Good teachers recognize that not every student will be a Rhodes Scholar but nevertheless try to help every student achieve all his or her potential. Drill sergeants grasp that not every 18 year-old recruit will become a Ranger or Seal, but nevertheless knows that each of them can become a great hero and trains them accordingly, pushing them to do much more than they might originally have thought them themselves capable. Great coaches take ordinary kids who in other circumstances might deem themselves losers and try to form in them the heart of a champion, regardless of whether they actually achieve the dream of winning a championship.
When we look at what Jesus did with the apostles, we see the mission of the Church in every age. He didn’t start with rabbinical students or geniuses among the Pharisees and scribes. He didn’t even start with “average” Jews. He began with relative nobodies, from obscure places, with thick accents and occasionally thick skulls, men who struggled to understand his message and live what he taught, men who would in weakness all abandon him when he was arrested, but 11 of the 12 of whom would come back and, strengthened by his grace, would heroically bring the Gospel to the ends of the known world. And God did the same with women. Who, according to worldly criteria, were Mary of Nazareth, Mary of Magdala and Mary of Bethany?

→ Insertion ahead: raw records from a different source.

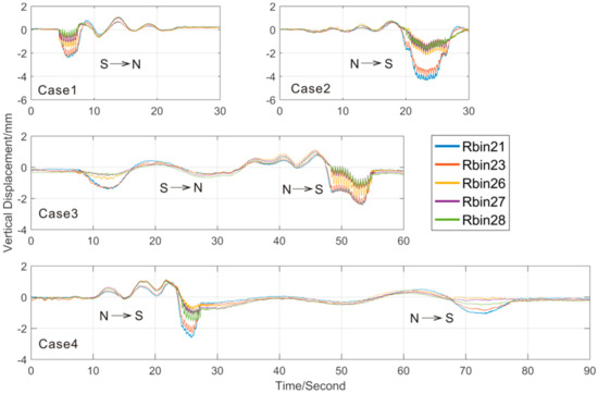 Figure 15 shows the vertical displacement time histories of the radar bin 21, 23, 26, 27 and 28. The displacement histories include two parts: the first part is mainly caused by the loading of passing train and the second one is its aftershock. The shape of the displacement history is related to the direction of passing train, which has the same characteristics as those at view S2a. The duration of the first part depends on the length of the train and its speed: it takes approximately three seconds for a train with 8 carriages and six seconds for a train with 16 carriages. This agrees with a carriage length of 25 m. The duration of the second part is more than 15 s for both 8- and 16-carriage trains. The maximum vertical displacement of the second part is less than 1 mm for all the cases, while the 16-carriage train induced larger vertical displacement (4.2 mm) in the first part one respect to the 8-carriage train.
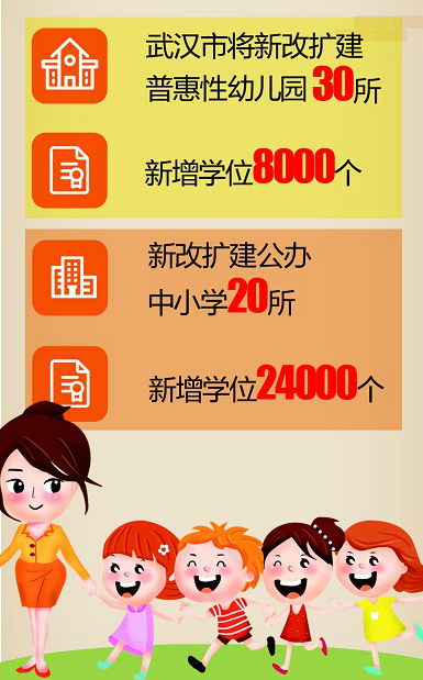 今年,武漢市將新改擴建普惠性幼兒園30所,新增學位8000個。新改擴建公辦中小學20所,新增學位2.4萬個。提升43所鄉村小規模學校和104所鄉鎮寄宿制學校辦學條件。多措并舉使全市大班額比例進一步下降,消除超大班額。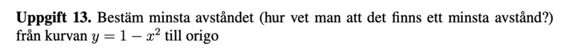 Det är väldigt uppenbart för man ritar upp kurvan att det finns ett minsta avstånd men hur ska man matematiskt bevisa det? Vi har ju inte ett slutet och begränsat intervall. Jag får att avståndet från origo till kurvan ges utav d(x)=sqrt(x^2+(1-x^2)^2). Om man tar gränsvärdet denna ekvation när x går mot ±∞ får vi ∞. Kan man använda sig utav den informationen på något sätt?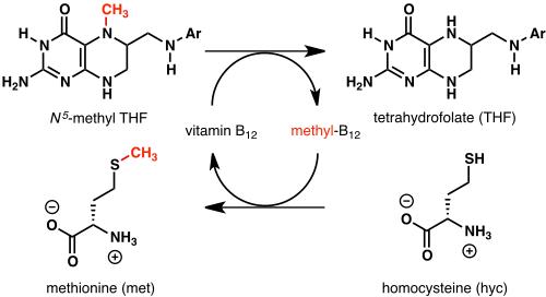 99. ^ Froese DS, Fowler B, Baumgartner MR (July 2019). "Vitamin B12, folate, and the methionine remethylation cycle-biochemistry, pathways, and regulation". Journal of Inherited Metabolic Disease. 42 (4): 673–685. doi:10.1002/jimd.12009. PMID 30693532.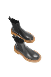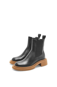 Pull on Chelsea boot in calfskin with elasticated sides, textured honey rubber sole and embossed LOEWE calfskin pull tab. - 40mm heel - Leather lining and insole Details - Colour: Black - Main material: Calf - Heel height: 5.5 - Weight: 1.8 kg - Model ID: M816S05X21 - Made in: Italy
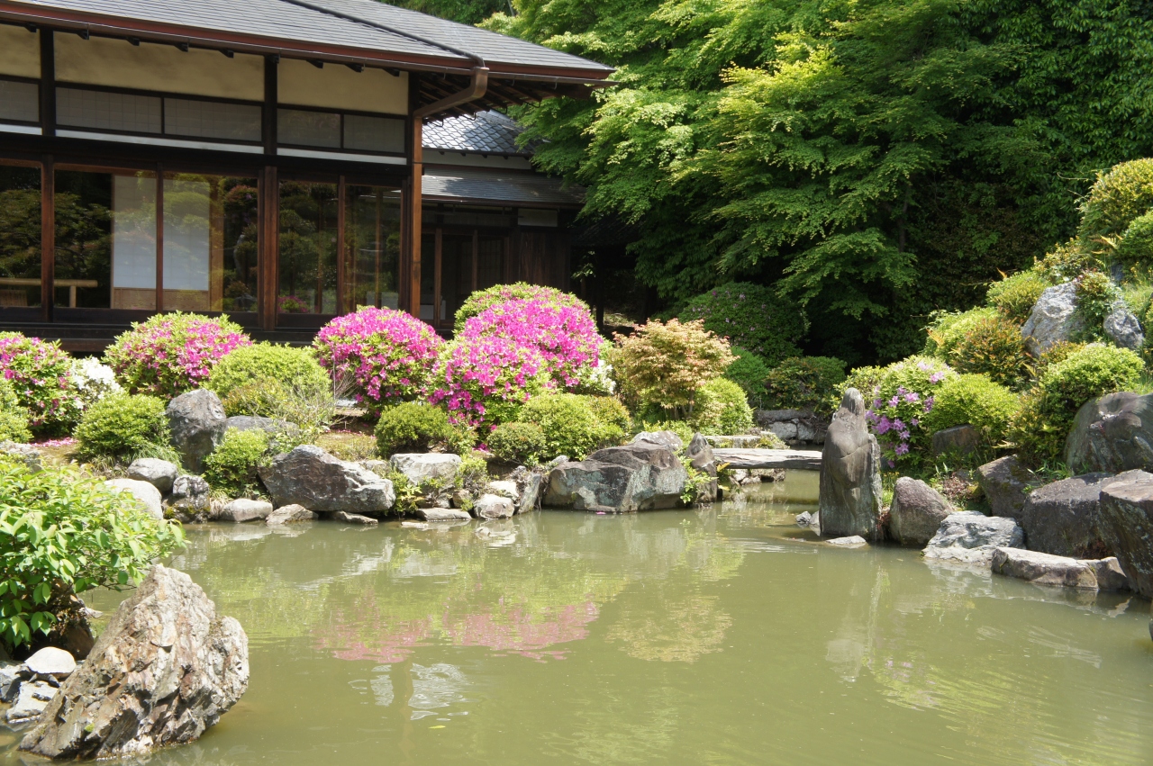 京都市内で手軽につつじを見るなら、この智積院がお勧め。池の上に突き出た縁側に腰掛けて、正面の築山を眺める庭園はこの時期が一番きれい。ただ、逆に、季節外れだと、ちょっとがっかりかも。本来は、石組みの見事さを鑑賞するように造られているのですが、やはり、素人の我々としては、花が咲いたり、緑が美しくないと感動しないですから。

Jesus still calls in every age the “foolish of the world to shame the wise, … the weak of the world to shame the strong, … the lowly and despised of the world, those who count for nothing, to reduce to nothing those who are something” (1 Cor 1:27-28). He calls them to heroism and through them shows everyone that such spiritual heroism is possible. And that’s one of the greatest beauties of the Christian vocation. Ordinary, average people can become, in eternity, among the greatest who have ever lived.
The conversion of St. Augustine — someone who really was a giant in the eyes of the world — happened when, after years of caving into lust, an African named Pontitian told him and his friend Alipius about two ordinary men who had been suddenly and wholeheartedly turned to God’s service through reading the life of St. Anthony of the Desert. Ashamed that, despite all his talents, he had been such a spiritual chicken up until then, Augustine exclaimed to Alipius, “What are we doing, letting the unlearned seize Heaven by force while we with all our learning remain behind, cowardly and heartless, wallowing in our sins?” That’s when his tears overwhelmed him, he ran out into the garden, heard God mysteriously calling him to take and read the Scriptures and fell upon the passage that would challenge him, heroically, to leave sin behind once and for all and put on the Lord Jesus Christ (Rom 13:13-14).
The month of November is a time in which all of us ponder all those “unlearned” people who have seized heaven by force and learn how to imitate their virtues. It’s a time when, in response to God’s grace, we learn how to choose heaven — and the holiness that leads to heaven — with courage, perseverance and strength. It’s the time we remember that by our baptism we’re called to spiritual heroism and to rejoice that God has provided and always will bestow the means.